# Outlook 2010 Calendar Permission Access



## digital21 (Jan 4, 2011)

I just set up a calendar that both myself and my girlfriend can share. I am the primary person on the calendar and am trying to grant her permission to access it, make changes to it, etc, just as much as I can, but my 'calendar permission' tab is not working. Does anyone know why this is? The only thing she can do now is add items and then I have to accept them before they get added to the calendar. She can't edit anything. See picture below as to how it looks.


----------



## clyde123 (Apr 10, 2008)

I believe you need to be using Exchange Server to have a proper shared calendar in Outlook.


----------



## digital21 (Jan 4, 2011)

What is an exchange server? I'm basically a rookie at this!


----------



## djaburg (May 15, 2008)

An Exchange server is an Email server used by businesses to handle their email.
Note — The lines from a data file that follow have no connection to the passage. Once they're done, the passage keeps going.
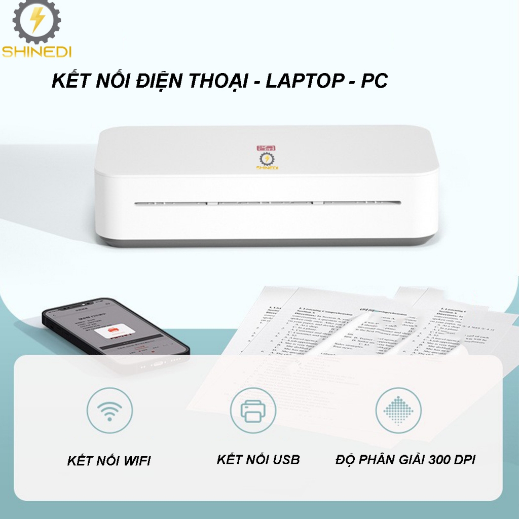 Máy in mini A4 di động GT1 SHINEDI giấy thông thường phù hợp văn phòng, học sinh, tài xế dễ sử dụng.
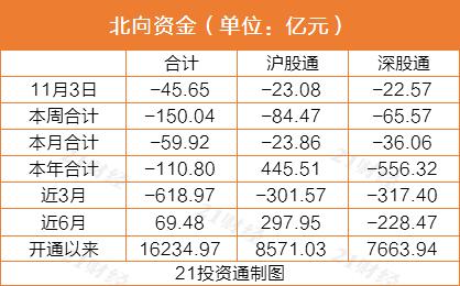 据21投资通智能监测,北向资金全天净卖出45.65亿元,其中沪股通净卖出23.08亿元,深股通净卖出22.57亿元。
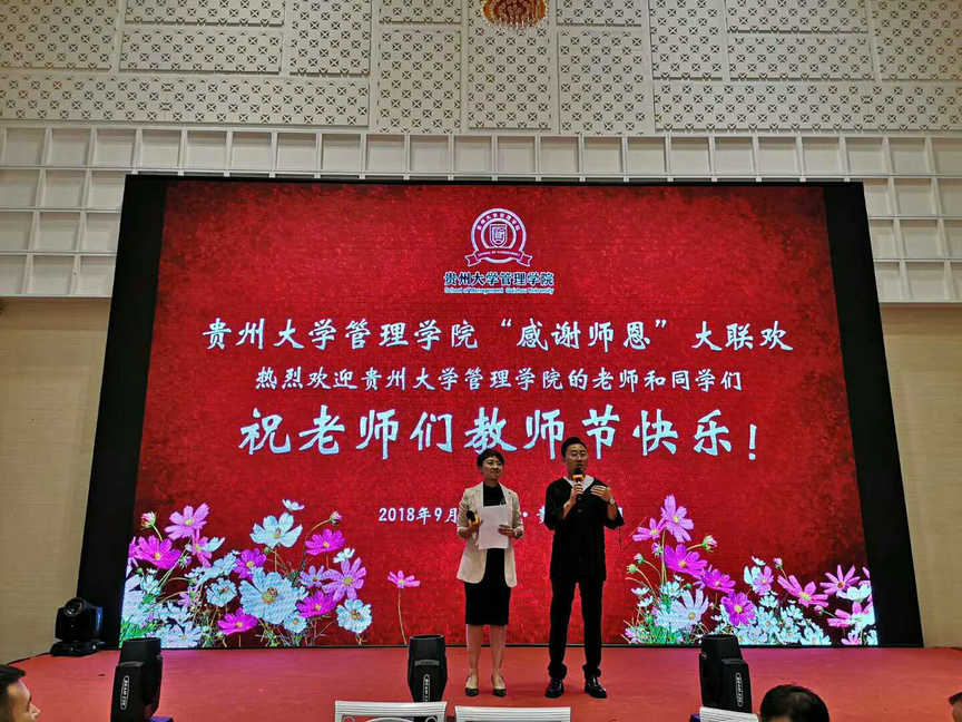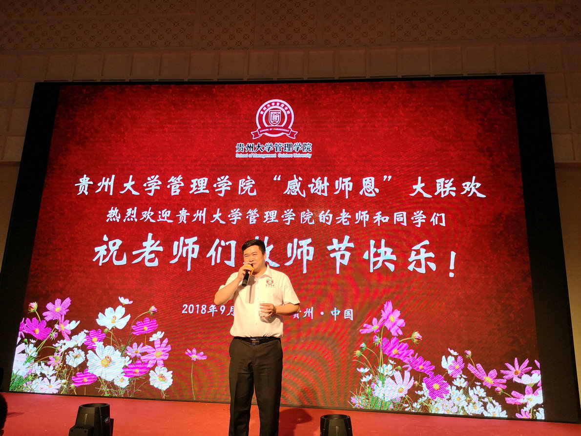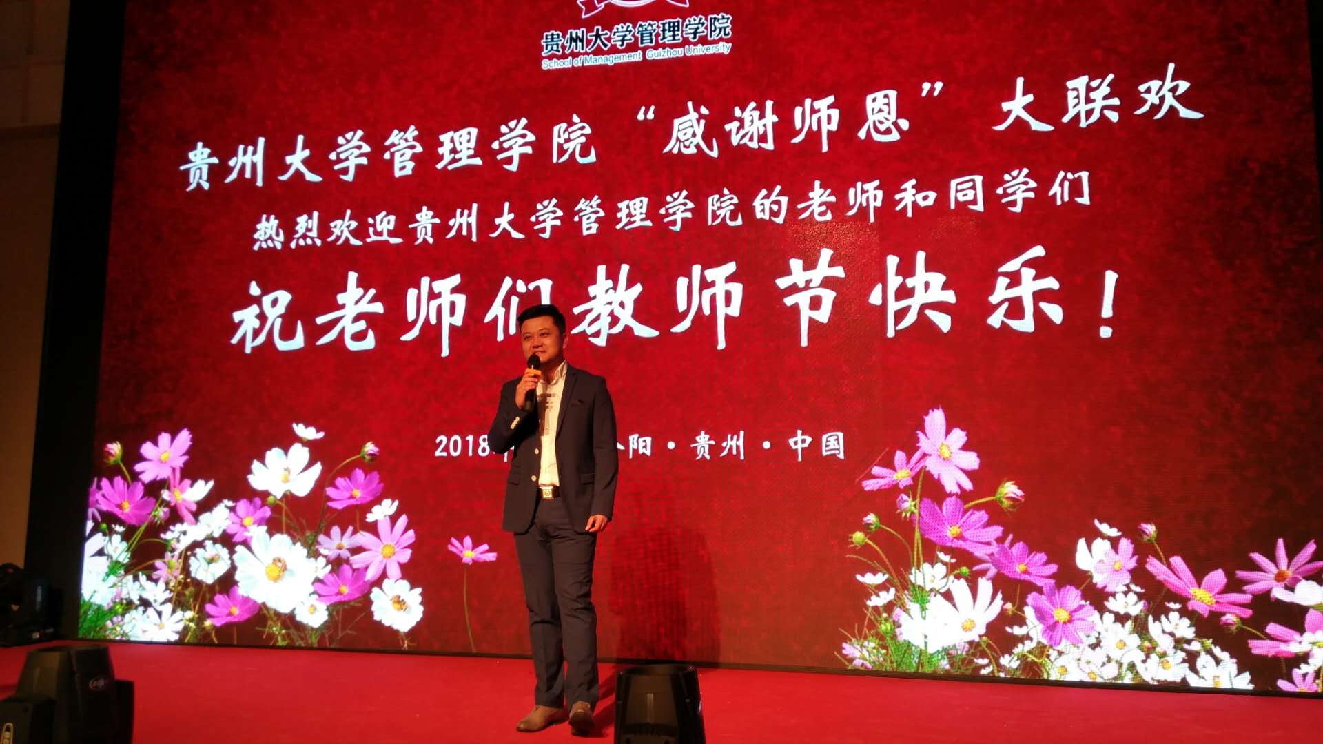 9月10日下午,乐鱼(中国)校友会大型活动“感谢师恩”大联欢在金阳国窖1573举办,本次活动由乐鱼(中国)主办,贵州大学校友总会管理学院分会承办,同时贵州国际酒类博览会股份有限公司与牟池酒业赞助支持。时值教师节,贵州大学管理学院院长李烨、副院长王婷、周莉莉、宋山梅,院党委副书记张亚军等200余名师生欢聚一堂,在歌声舞语之中,共同庆祝教师节。

The exchange server sends/receives email for their domain and also provides for shared calendars, shared contacts, shared files, but it also allows you to shared your calendar with another user that you specify. The function you're looking for uses Exchange server to "share" the calendar, therefore if you're not connecting to one, then that function is not available to you.


----------



## digital21 (Jan 4, 2011)

oh so if it's a personal calendar i'm sharing i won't be able to give access to anyone else to edit the calendar?


----------